State's 7th Wal-Mart readied in ElktonWal-Mart continues...

CONSUMER MARKETPLACE

January 02, 1993|By Michael Dresser

State's 7th Wal-Mart readied in Elkton

Wal-Mart continues its blitz through Maryland with the official opening of its store in Elkton next Tuesday.

The 93,588-square-foot store, small by recent Wal-Mart standards, has actually been open since Thursday, when it quietly opened for a dry run. It will employ about 185 people.

The mammoth discount chain, which was earning respect for Arkansas long before Bill Clinton became a household name, has been steadily expanding its presence in Maryland.

This will be its seventh Wal-Mart store in the state. The chain has announced it will open three more in Maryland -- in Salisbury, Bowie and Lexington Park.

The tight-lipped company is not discussing plans for further expansion in the state, but among the areas likely targeted for development are White Marsh and the York Road corridor.

After the recent fiasco in Ellicott City, where the Howard County government rejected Wal-Mart's bid for a site at U.S. 40 and Route 29, you can expect the company to be especially diligent about choosing sites where the proper zoning is already in place.

The Wal-Mart folks aren't big on making the same mistake twice.

Hunt Valley avers life after Macy's

Is there life after Macy's? Merchants at Hunt Valley Mall say yes.

Retailers at the beleaguered Baltimore County mall reported good Christmas sales in spite of the loss of one of two anchor stores last summer.

"We had a very good Christmas with all things considered," said Rocky Ridgely, manager of the Hyatt & Co. men's store. He said sales at Hunt Valley were comparable with those at the small chain's other three stores in the area.

And R. L. Guise, manager of the Sears anchor store, said sales were good for the entire month of December and "very strong toward the end." Similar results were reported at several other stores.

Still, some consumers find that the mall's main attraction is its easy parking -- a mixed blessing for the mall.

Kirstie Dowell, a shopper who works for a retail consulting firm, said that on the Saturday before Christmas -- after failing to find a parking space at the firmly anchored Towson Town Center -- she went to Hunt Valley Mall about 2 p.m.

"We parked right by the door and walked in. The mall was empty," she said, adding that the line for Santa Claus was only two or three children deep.

Judging by a walking tour this week, the mall is not facing anything like the retail exodus that followed last year's dismal holiday season. Occupancy at the mall has remained reasonably stable since Macy's announced it would leave.
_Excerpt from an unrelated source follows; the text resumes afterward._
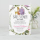 Share your joy with friends and family before your new baby arrives with this sweet tropical jungle safari baby shower by mail invitation. This cute design features an elephant, giraffe, tiger, and a monkey surrounded by a botanical leaf pattern. This popular typography can be customised to change the colour and font style or keep it as it is for your convenience. So cute for a boy or a girl baby shower.

There are some retailers leaving the mall. Windsor Shirt Co., a Phillips-Van Heusen subsidiary that is also leaving Towson Town Center, is gone. Early Learning Center was holding a going-out-of-business sale this week. Unlike the Macy's closing, these moves are a reflection of chainwide retrenchments, rather than a judgment on the mall itself.

(Several other mall tenants, including Thom McAn, Chess King and Kay-Bee Toys, could come up for review as part of Melville Corp.'s recently announced corporate realignment. But those moves could involve changing the stores' concepts, rather than closing them.)

Many Hunt Valley merchants are fiercely supportive of the mall, holding fast to their belief that growth in the area will bring new business to the mall.

"The potential is tremendous," said Michael Wingard, owner of Coffee, Tea & Thee. "This is the cleanest mall I've ever seen. . . . It's well-organized. It has good security."

Still, merchants are waiting anxiously for news of what might become of the vacant anchor space. That decision that could affect the entire market positioning of the mall, which is owned by a joint venture of Kravco Co. and Equitable Real Estate Investment Management Inc.

James McCown, a spokesman for Equitable, said no announcement of a new anchor is imminent but that the mall owners are negotiating with R. H. Macy Co. to obtain control of the empty building.

Home Depot tools cut into Sears' trade

Home Depot, the Atlanta-based home improvement powerhouse, is hammering away at Sears' hand tool business, according to a report by Prudential Securities.

Prudential analysts Wayne Hood and Dana Pliotis said their recent price survey showed Home Depot's Husky line of hand tools and tool chests were priced 20 percent to 40 percent below Sears Craftsman products.

The Husky products, made by Connecticut-based Stanley Works, replace a lower-quality imported line that Home Depot previously carried, the analysts said in their Dec. 23 report.

"We believe that the quality of the Husky line of hand tools is comparable to the Stanley line and Sears Craftsman line," Mr. Hood and Ms. Pliotis wrote. The analysts found Home Depot's employees to be more knowledgeable about the hand tools.

Home Depot's challenge to Sears for the $4 billion to $5 billion-a-year hand tool market is just one more headache for the Chicago-based giant as it attempts to put its merchandising division back in shape.

As for Home Depot, the Prudential analysts rate its stock a "hold" because of their near-term bearishness about retailing and its hefty price. "Over the long term, we believe Home Depot should be the core retailing holding" in investors' portfolios, the analysts concluded.